Aloe, Back to School Houseplant | The Home Depot's Garden Club

3. Aloe

A low-maintenance succulent, aloe features long, narrow leaves edged in soft teeth. In folk medicine, Aloe barbadensis, or aloe vera, is used to reduce the pain from minor burns.

Aloe is easy to propagate. Like other succulents, give aloe filtered sunlight and water only when the soil is dry to the touch.

 

Spider Plant Back to School Houseplants | The Home Depot's Garden Club

4. Spider Plant

Spider plant’s brilliant foliage makes a striking accent indoors. Aside from the variegated foliage, spider plant is noted for the small plantlets and white flower sprays that dangle on arching stems and cascade gracefully from hanging baskets or planters.

Spider plant requires just a little more effort than others on this list. It doesn’t like to dry out, so water weekly and for best results, fertilize monthly. Like the Sharing Plant, spider plantlets can be pinched off and rooted in potting mix to share with friends.

 

Snake Plant for Back to School Houseplants | The Home Depot's Garden Club

5. Snake Plant

Snake plant (also called sansevieria or mother-in-law’s tongue) features sturdy striped foliage that feels right at home in any room.

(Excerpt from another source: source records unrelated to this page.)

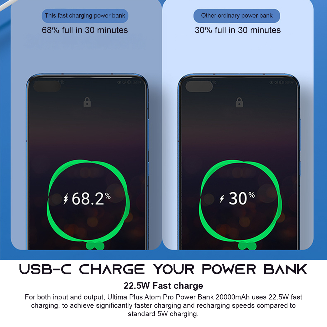 2 Ports 22.5W Input: Micro-USB & USB-C (PD) input ports support 18W fast input & fully charge itself in 2 hours. Type-C cable included.
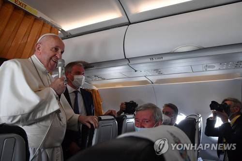 epa09469628 Pope Francis speaks with journalists aboard an Alitalia aircraft enroute back to Rome from Bratislava's Milan Rastislav Stefanik International airport in Bratislava, Slovakia, 15 September 2021. The pontiff ended his four-day apostolic journey to Slovakia. EPA/TIZIANA FABI / POOL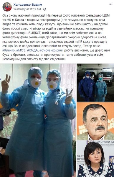 Не обеспечен всем необходимым даже Киев. И если в центральной Александровской больнице, по словам главврача, все достаточно оптимистично, хотя пациенты пишут обратное, то на станциях скорых врачи вынуждены собирать защитные костюмы буквально с миру по нитке.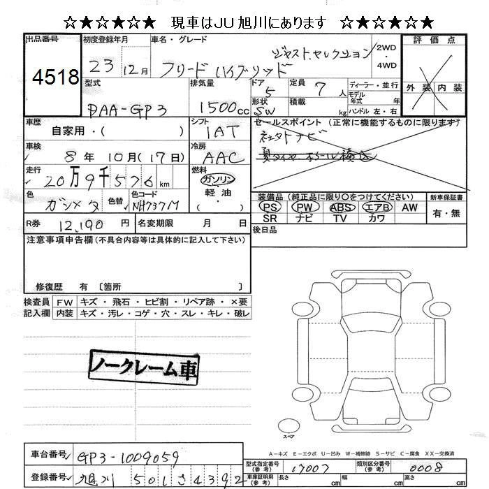 | G JUST SELECTION | DBA-GB3 | L15A | FF | CVT | 1496cc | 118ps(87kW)/6600rpm | AИ-92 | 1 850 000 | |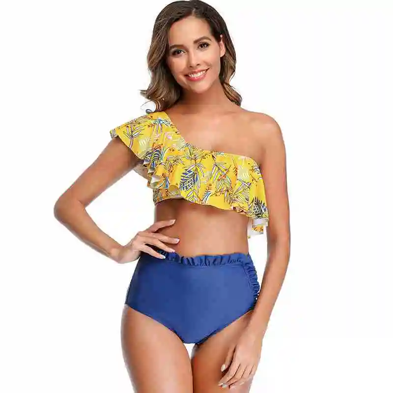 MUOLUX 2020 New Sexy One Shoulder Bikini Women Swimsuit Ruffle Swimwear High Waist Bathing Suit Beach Wear Bikini Biquini Female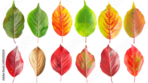 © MDNANNU, Obraz premium Set of cherry tree leaves, showing their seasonal transformation from vibrant green to fiery red,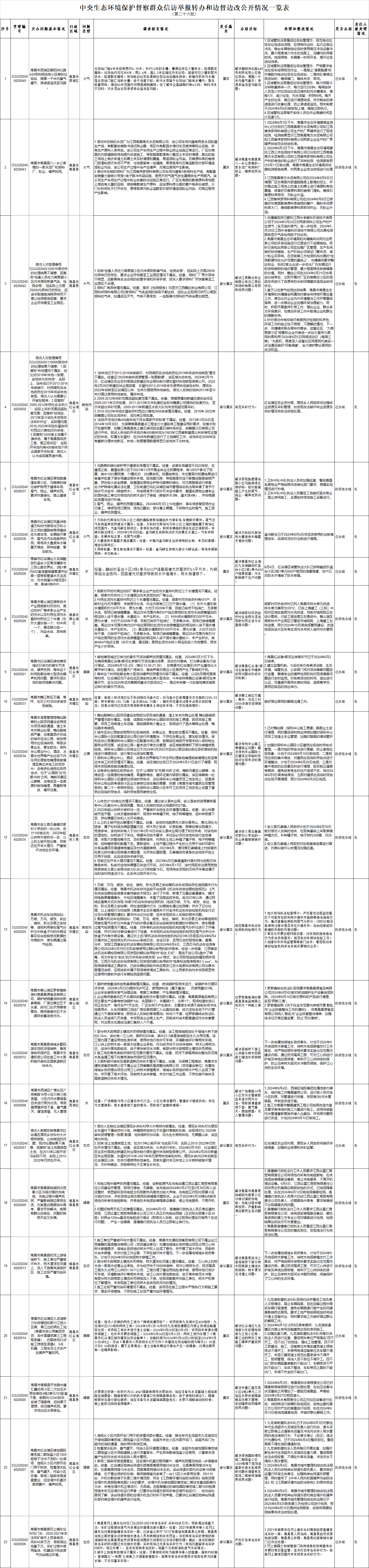 中央生态环境保护督察群众信访举报转办和边督边改公开情况一览表(第二十六批)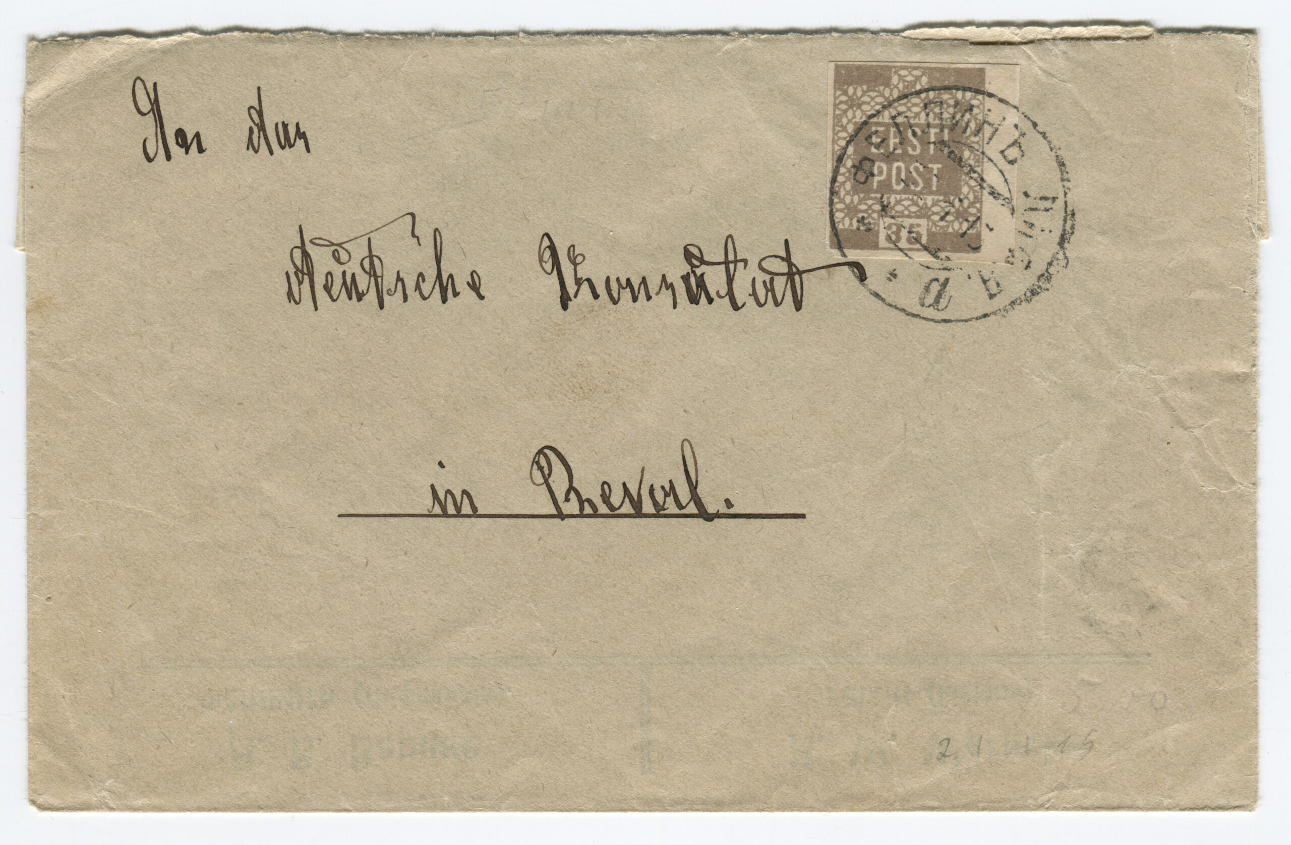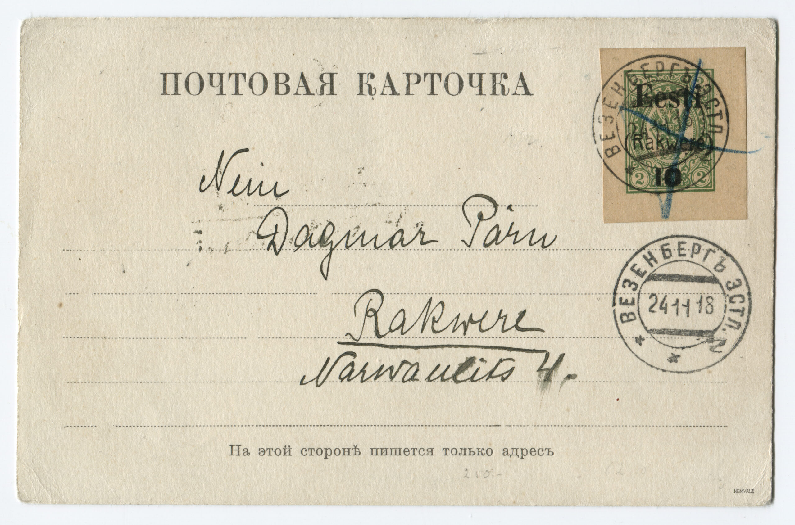 Rakvere’s Margarethe Levmann printing plant was handed the task to quickly overprint one- and two-kopeck postal band with new denominations: 10/2 kop.; quantity: 173 15/2 kop.; quantity: 402 20/2 kop.; quantity: 137 35/1 kop.; quantity: 26 The overprinting was in three rows: Eesti/ (Rakvere)/ and the new value. They were pasted as stamps on letters, postcards and other postal shipments.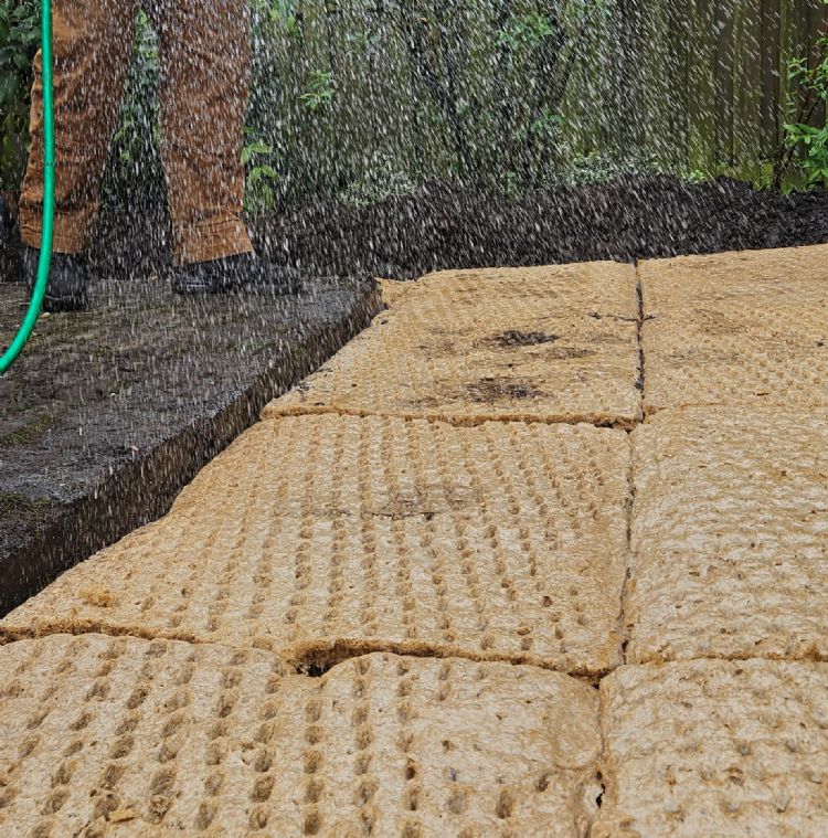 De waterplaat waarover Hazekamp het heeft, is een in Duitsland geproduceerde plaat, gemaakt van rogge, leem en houtvezel. 'Deze plaat heeft als eigenschap dat hij 12 liter water per vierkante meter kan absorberen. Bij elke watergift of regenbui neemt de plaat water op, dat wanneer het nodig is weer wordt afgegeven aan de wortel. Dat gaat vanzelf, aangezien de plantwortels de waterplaat doorwortelen.'
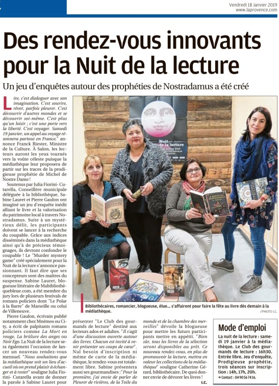 Le quotidien La Provence annonce le programme de la médiathèque de Salon pour cette 3ème édition de La Nuit de la Lecture.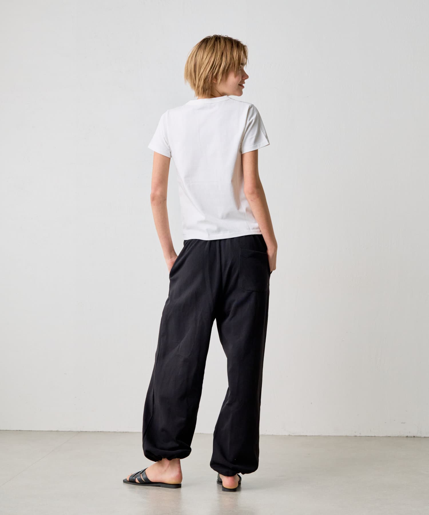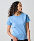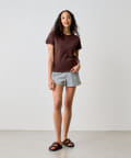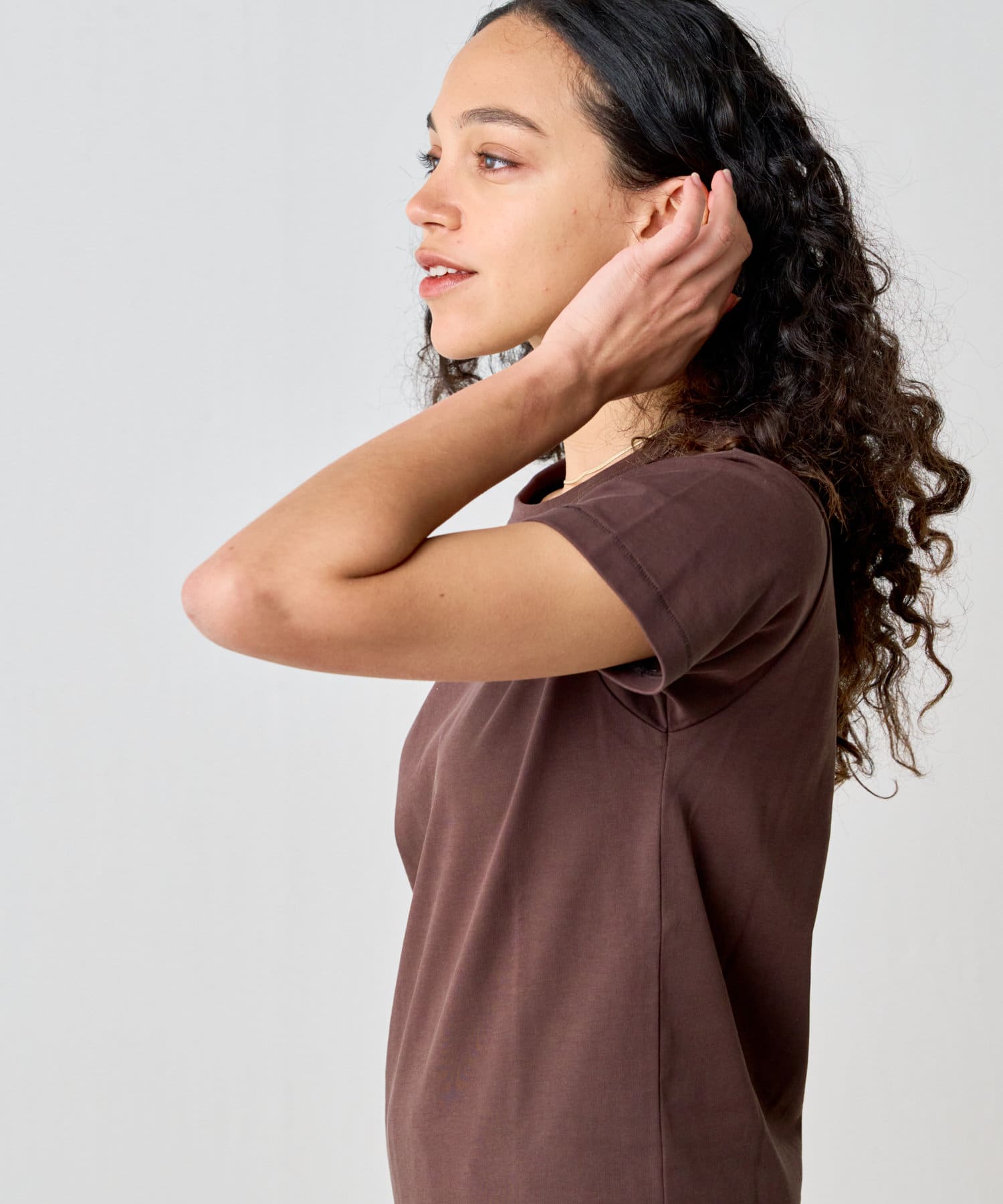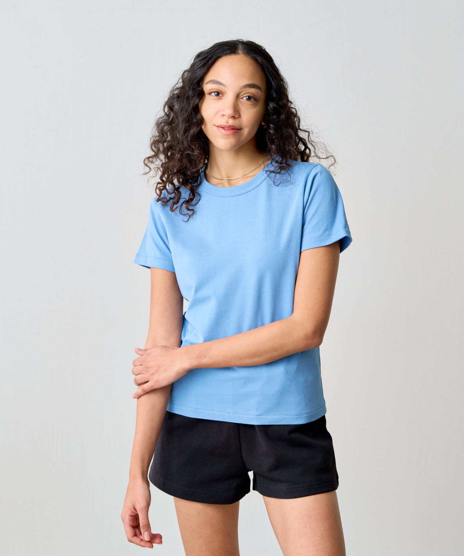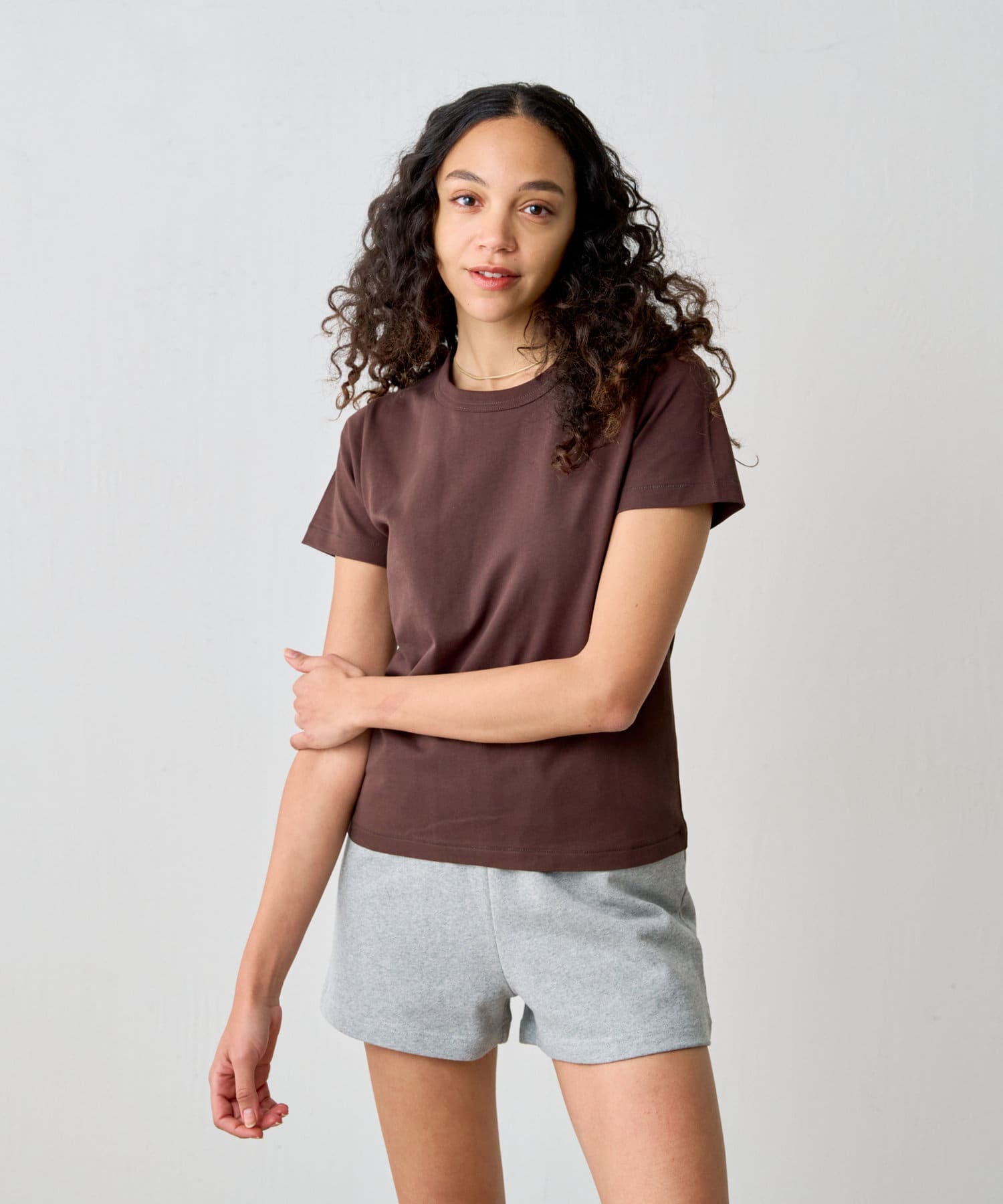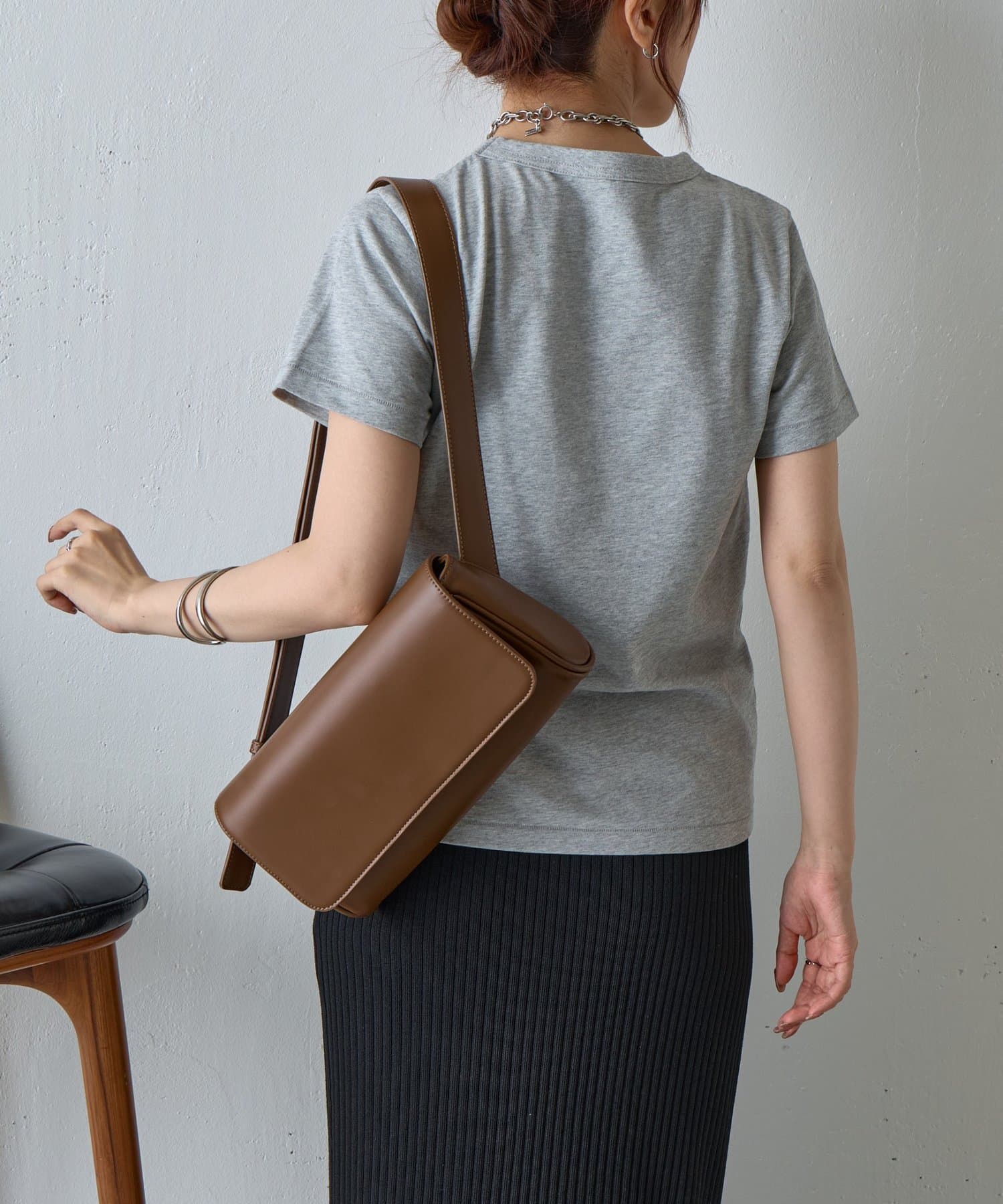 コットン素材の無地のデザインで着こなしやすく、メイントップスとしてはもちろん、
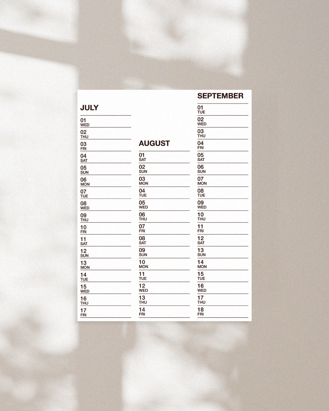 Why Digital? Printing and posting a calendar this size would push the cost well over $60. A digital download makes more sense for now. You can visit your local print shop and print it yourself. It’s more flexible and can double as a reason to get out of the house.

Like ZZ plant, snake plant tolerates low light conditions and infrequent waterings. It’s the perfect plant for frequent travelers and folks who get busy and may forget to care for their plants.

 

Pothos for Back to School Houseplants | The Home Depot's Garden Club

6. Pothos

Pothos is a classic with trailing heart-shaped leaves, often variegated, that spill over edges of pots and curl around trellises and posts, whatever is nearby.

Pothos likes low to medium light. Let the soil dry between waterings.